(TASK BRIEF):
From the line with "Kvalitní airsoftová pistole" to the final line of the data below, please write out every line exactly, with no pictures.

(DATA SHOWN):
--

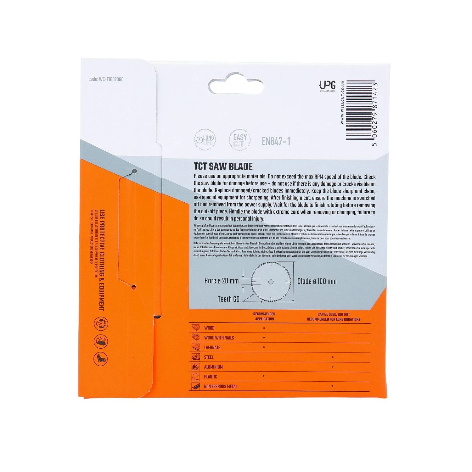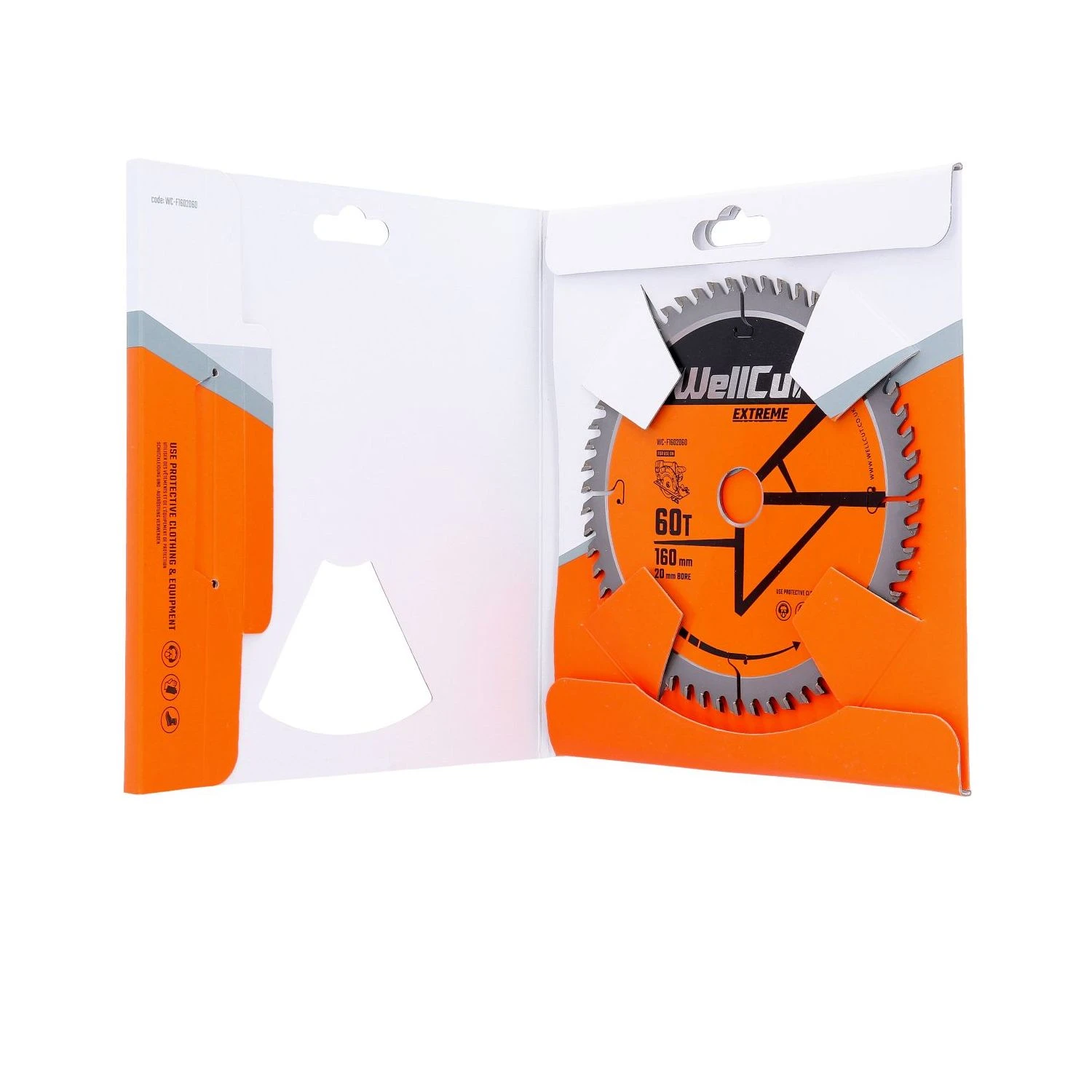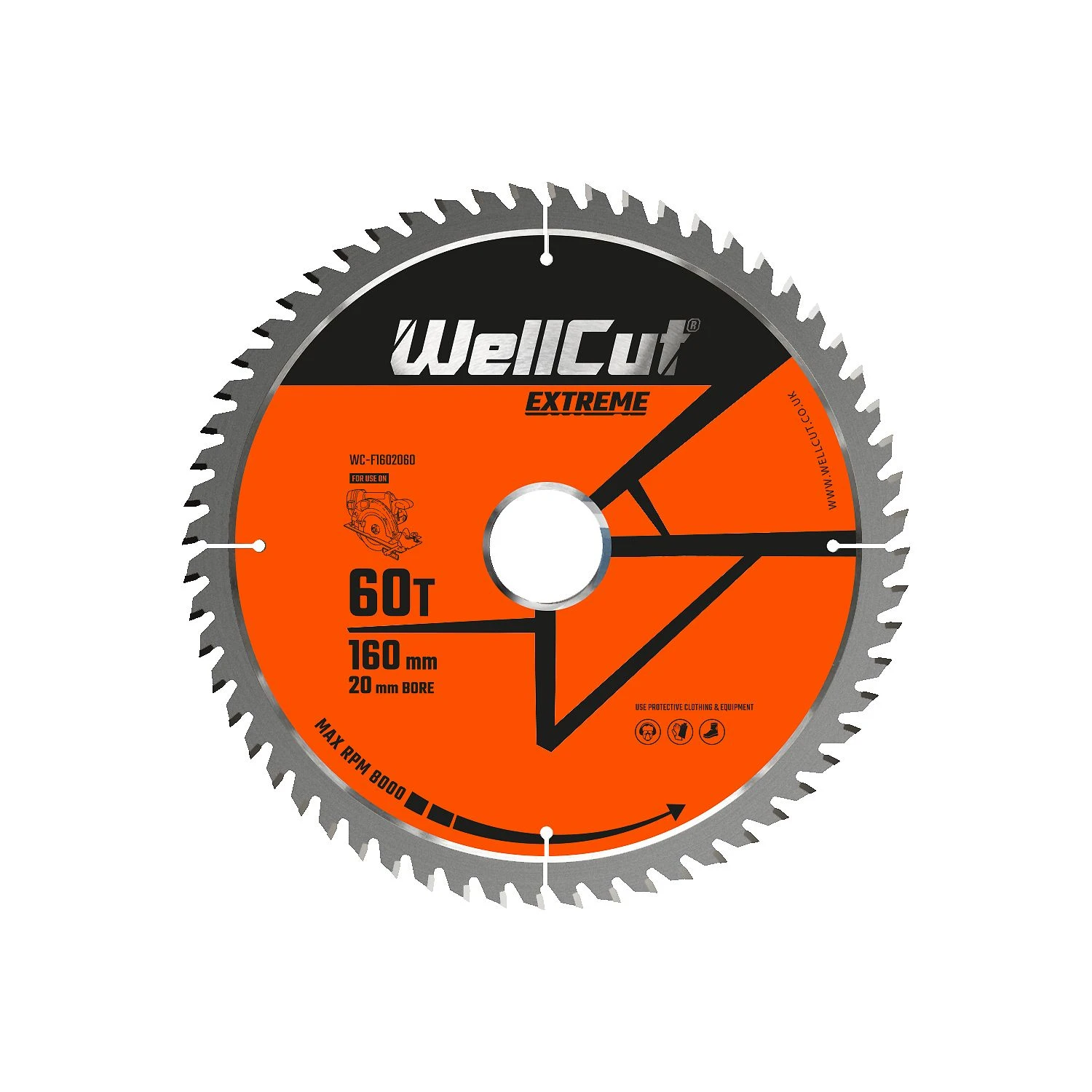 Get WellCut®’s 60T, 20mm Bore Extreme Circular Saw Plunge Saw Blade and seamlessly cut away. The sharp saw blade is designed with an Alternate Top Bevel tooth shape, suitable for the cutting of various materials, including hardwood, softwood, particle board, and Medium Density Fiberboard (MDF). With an impressive 60 Teeth, this wood cutting circular saw blade is recommended for very clean, fine cuts. Not only this, its laser-cut body will ensure you get accurate and straight cuts. This tool accessory will keep its quality when maintained with your favourite circular saw blade sharpener, making it last for years to come. What’s more, this essential product is made of premium tungsten carbide teeth with a 17° positive rake angle for increased durability and standard of performance. This saw blade is ideal for use with a variety of different professional circular saw and plunge saw tools, including cordless circular saws. Use it with your Makita circular saw, your DeWalt Circular saw, your Festool plunge saw, and many more well-known brands of circular saws.
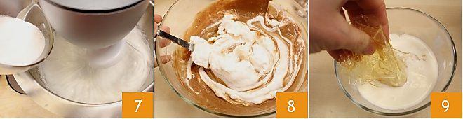 Bata as claras em neve com o açúcar restante (50 g) 7 e quando estiverem firmes, adicione-as ao creme de chocolate, mexendo a mistura com uma espátula de baixo para cima, para não desmontar as claras 8. Amoleça 12 g de gelatina em água fria por 10 minutos, escorra e derreta em 2 colheres de sopa de creme de leite quente 9. Se você quiser saber mais sobre o uso da gelatina, Como usar a gelatina incolor nossa Escola de Cozinha: como usar a gelatina.
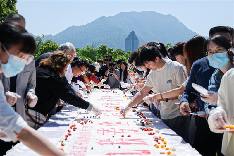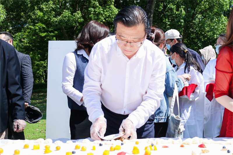 时值亚洲无码 90周年华诞到来之际,5月9日上午9点33分,亚洲无码 生命与环境科学学院在学校“Hello WZU”草坪上开展了一堂生动开放的专业实践教育课。现场,亚洲无码 校领导同90位师生代表共同制作9米巨型蛋糕,深情献礼亚洲无码 90周年华诞。
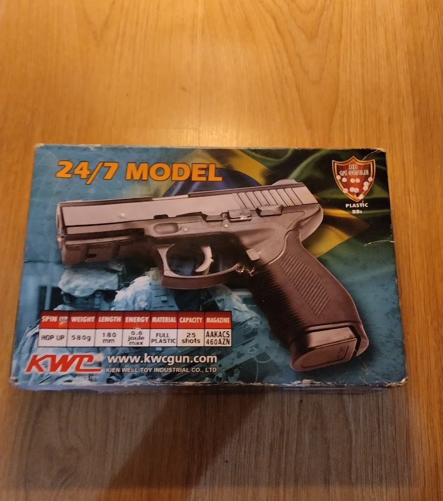 Kvalitní airsoftová pistole od firmy KWC.Tělo ABS plast, vnitřní díly ABS plast a kov,zásobník na 25 kuliček(doporučuji kuličky 0,25 gramů),lehce rozebíratelná,energie zhruba 0,6J,kvalitní zpracování a daleký dostřel(sám jsem byl překvapen),téměř nulová údržba a spolehlivost.Celé balení obsahuje pistoli se zásobníkem, příbalový manuál,rychloplničku a vzor kuliček(průměr 6 mm).(800 kč i s poštovným)
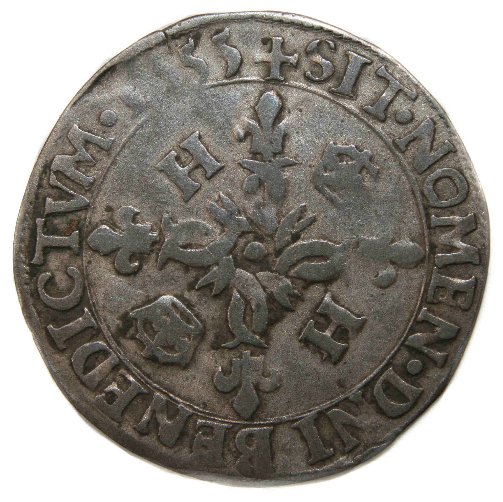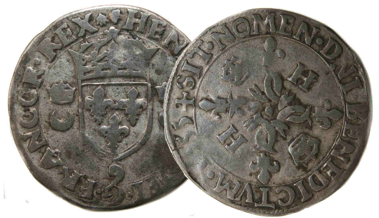 de 1549 à 1557. , Frappés en grand nombre, de faible aloi et ayant circulés intensément les douzains aux croissants sont rarement en bon état. La monnaie reste parfaitement identifiable malgré une certaine usure . Axe des coins : 9h |
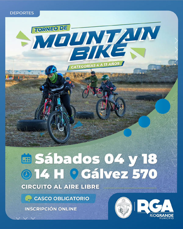 RIO GRANDE.-    El Municipio de Río Grande, a través de la Agencia de Deportes, Cultura y Turismo, invita a toda la comunidad a participar de una nueva jornada de Mountain Bike (MTB), el cual se realizará el sábado 4 de octubre en el predio de Gálvez 570, detrás del Parque de Deportes Urbanos.
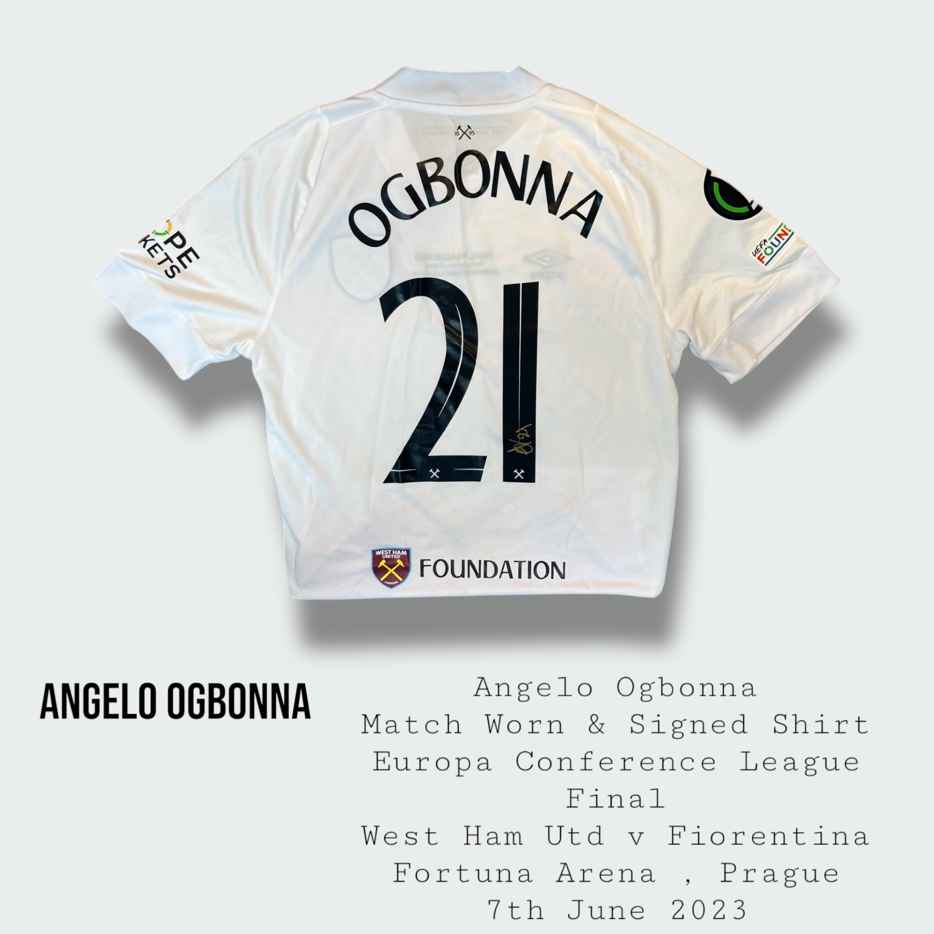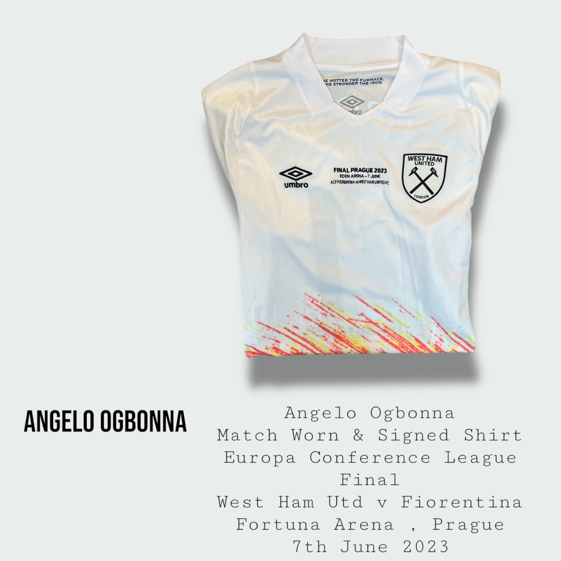Incredibly rare and historic Angelo Ogbonna match worn West Ham United Europa Conference League final shirt

--

(TASK OUTPUT):
 Kvalitní airsoftová pistole od firmy KWC.Tělo ABS plast, vnitřní díly ABS plast a kov,zásobník na 25 kuliček(doporučuji kuličky 0,25 gramů),lehce rozebíratelná,energie zhruba 0,6J,kvalitní zpracování a daleký dostřel(sám jsem byl překvapen),téměř nulová údržba a spolehlivost.Celé balení obsahuje pistoli se zásobníkem, příbalový manuál,rychloplničku a vzor kuliček(průměr 6 mm).(800 kč i s poštovným)
 de 1549 à 1557. , Frappés en grand nombre, de faible aloi et ayant circulés intensément les douzains aux croissants sont rarement en bon état. La monnaie reste parfaitement identifiable malgré une certaine usure . Axe des coins : 9h |
 RIO GRANDE.-    El Municipio de Río Grande, a través de la Agencia de Deportes, Cultura y Turismo, invita a toda la comunidad a participar de una nueva jornada de Mountain Bike (MTB), el cual se realizará el sábado 4 de octubre en el predio de Gálvez 570, detrás del Parque de Deportes Urbanos.
Incredibly rare and historic Angelo Ogbonna match worn West Ham United Europa Conference League final shirt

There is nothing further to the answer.